22137
Fetal Head Growth in Children with Autistic Traits and Autism Spectrum Disorder

Saturday, May 14, 2016: 11:30 AM-1:30 PM
Hall A (Baltimore Convention Center)
L. M. Blanken1, A. Dass2, G. Alvares2, J. van der Ende3, M. Maybery4, C. Dissanayake5, C. Pennel6, M. Hickey7, F. Verhulst3, H. Tiemeier3, A. Whitehouse8 and T. J. White9, (1)Erasmus Medical Center - Sophia Children's Hospital, Leiden, Netherlands, (2)Telethon Kids Institute, West Perth, Australia, (3)Department of Child and Adolescent Psychiatry/Psychology, Erasmus MC-Sophia, Rotterdam, Netherlands, (4)University of Western Australia, Perth, Australia, (5)Olga Tennison Autism Research Centre, La Trobe University, Melbourne, Australia, (6)The University of Western Australia, Crawley, Australia, (7)Department of Obstetrics of Gynaecology and Obstetrics, University of Melbourne, Melbourne, Australia, (8)University of Western Australia, West Perth, WA, Australia, (9)Erasmus University Medical Centre, Rotterdam, Netherlands
Background:  Altered trajectories of brain development are often reported in Autism Spectrum Disorder (ASD), particularly early brain overgrowth in the first year of life (Hazlett, Poe et al. 2011). However, less is known about prenatal head growth trajectories. The few studies available have small sample sizes, typically depend on retrospectively collected ultrasound data and do not include repeated measurements of growth (Whitehouse, Hickey et al. 2011). While there is increasing support for the notion that ASD lies at the extreme end of a continuum of autistic traits, and that characteristics of the neurobiology may form a continuum as well (Blanken, Mous et al. 2015), there are no studies that investigate growth characteristics of the full spectrum of symptom severity (Constantino and Todd 2003). 

Objectives:  The objective of the current study is to prospectively evaluate prenatal head growth in children from the general population that later develop autistic traits. A second objective is to compare prenatal head growth between children with clinically diagnosed ASD and typically developing children.

Methods:  This study included over 5,700 children participating  in two large longitudinal prenatal cohorts, including more than 80 children with a confirmed diagnosis of ASD. Fetal head circumference (HC) was measured repeatedly during pregnancy using ultrasound.
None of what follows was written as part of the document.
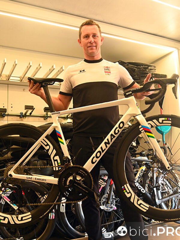 Sì, sempre queste, le Enve SES 4.5, anche in salita: esiste una versione normale e una leggera. Per lui è importante che la ruota sia veloce, non solo leggera. A inizio anno abbiamo parlato a lungo anche delle pressioni. In squadra c’è un addetto ai materiali, David Herrero, che stila l’elenco delle pressioni in base al peso dei corridori e alle condizioni della strada, asfalto o condizioni meteo. Arriva sempre quando ci sono le crono, dove indica anche il casco più adatto, le ruote e le gomme. E’ il responsabile dei materiali.

Autistic traits were measured with the Social Responsiveness Scale and the Autism Quotient. A diagnosis of ASD was based on mother report and confirmed with medical records. Additionally,  ultrasounds were retrospectively collected for 45 children with ASD at a clinical research center. Longitudinal HC measurements at three time points were analyzed using a Latent Growth curve model approach to assess the relation of prenatal growth on autistic traits measured later in life.

Results:  Preliminary analyses suggested an inverse relationship between prenatal head growth and autistic traits later in life. Children with more autistic traits showed HC growth curves that were characterized by smaller slopes and intercepts. 

Conclusions:  To our knowledge, this is the first large population-based study looking into prenatal brain growth and autistic traits. Preliminary results suggest that atypical brain growth in ASD may start in utero. Additional analyses comparing prenatal head growth between children with clinically diagnosed ASD and typically developing children will be conducted.